I want to push back against this accusation of naivete, if only to be able to articular a theoretical space for thinking about democratic action and sustainable government for those many tens of millions of Americans who live urban (and sometimes even distinctly “cosmopolitan”) lives in cities in roughly the 100K to 500K range. No, it would be impossible to imagine a city the size of Wichita characterized by robust republican civic action of the sort which Peter holds out as one important ideal; we can’t really have local citizen democracy on our scale. But neither is it impossible to consider the kind of mass leverage which is possible on a middling, a moderate, urban level, distinct from the kind of (often dictatorially administered, top-heavy) consciously cosmopolitanism which presents (and perhaps, due to the pressures of growth and scale, cannot possibly do otherwise than see) our globalized world as the correct model for local governance.
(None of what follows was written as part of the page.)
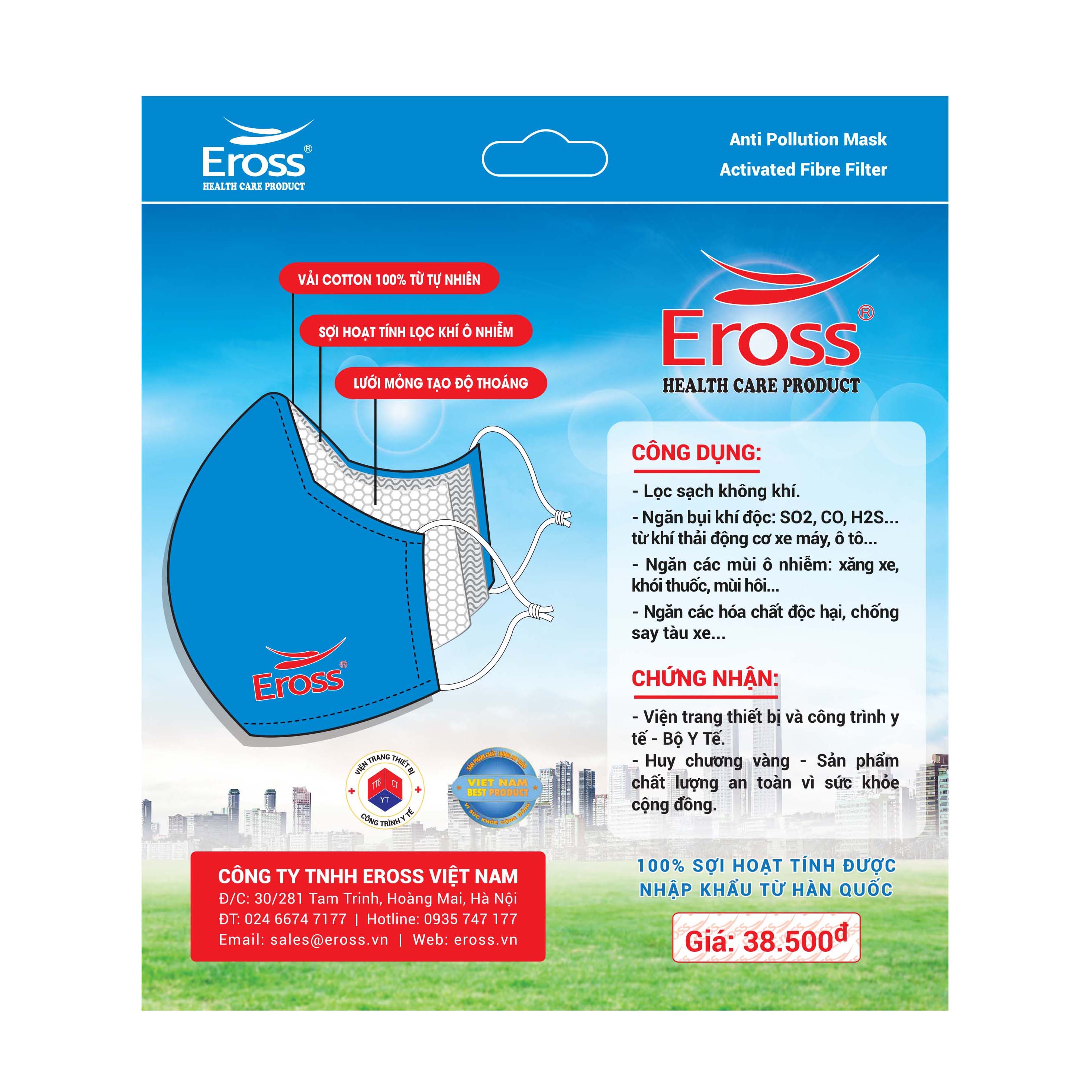 KHẨU TRANG SỢI HOẠT TÍNH EROSS - THƯƠNG HIỆU ĐƯỢC BỘ Y TẾ KHUYÊN DÙNG

The mid-sized city has a distinct way of seeing itself, if it can develop the right lens to look through. Peter’s fine book, I think, is helpful in our attempts to build it.

3 COMMENTS

  1. Many, many years back, I saw a show on TV wherein a newbie Christian had joined a group which was determined to do some good in the world. Given a choice between rescuing one drunk from skid row or working for world peace, the latter option was chosen, as being easier.

    Saving the world is a piece of cake. Fixing our neighborhoods is harder, helping our family and friends is harder still, and reforming our Self is hardest of all.

    Big problem arises with the contention that everyone “should” participate in local or national government, in the community, for “betterment”, etc. Many people (I would not say most), simply cannot be bothered, for reasons which range from hedonism, through curmudgeonry, through being focused on work or other “more important” concerns. Some just want to mind their own business, and not worry about the (oft) insoluble problems of mankind.

    Participatory democracy and communitarian feelings are laudable, until one has to experience them.

  2. Mr. Naas, your post struck a cord with me. I believe more and more that most Americans – and particularly most Christians – need to stay at home!

    Of course in order to stay at home, one probably should have some inkling of what a home is, well beyond the execrable concept of urban and sub-urban sprawl and the “bedroom communities” this inspires. Filling houses, church buildings, shopping centers, etc. with empty, de-racinated people doesn’t make for much of a community! Indeed, it is much easier to “save the world” than to deal with and love my own awkward family and neighbors here in what passes for my community!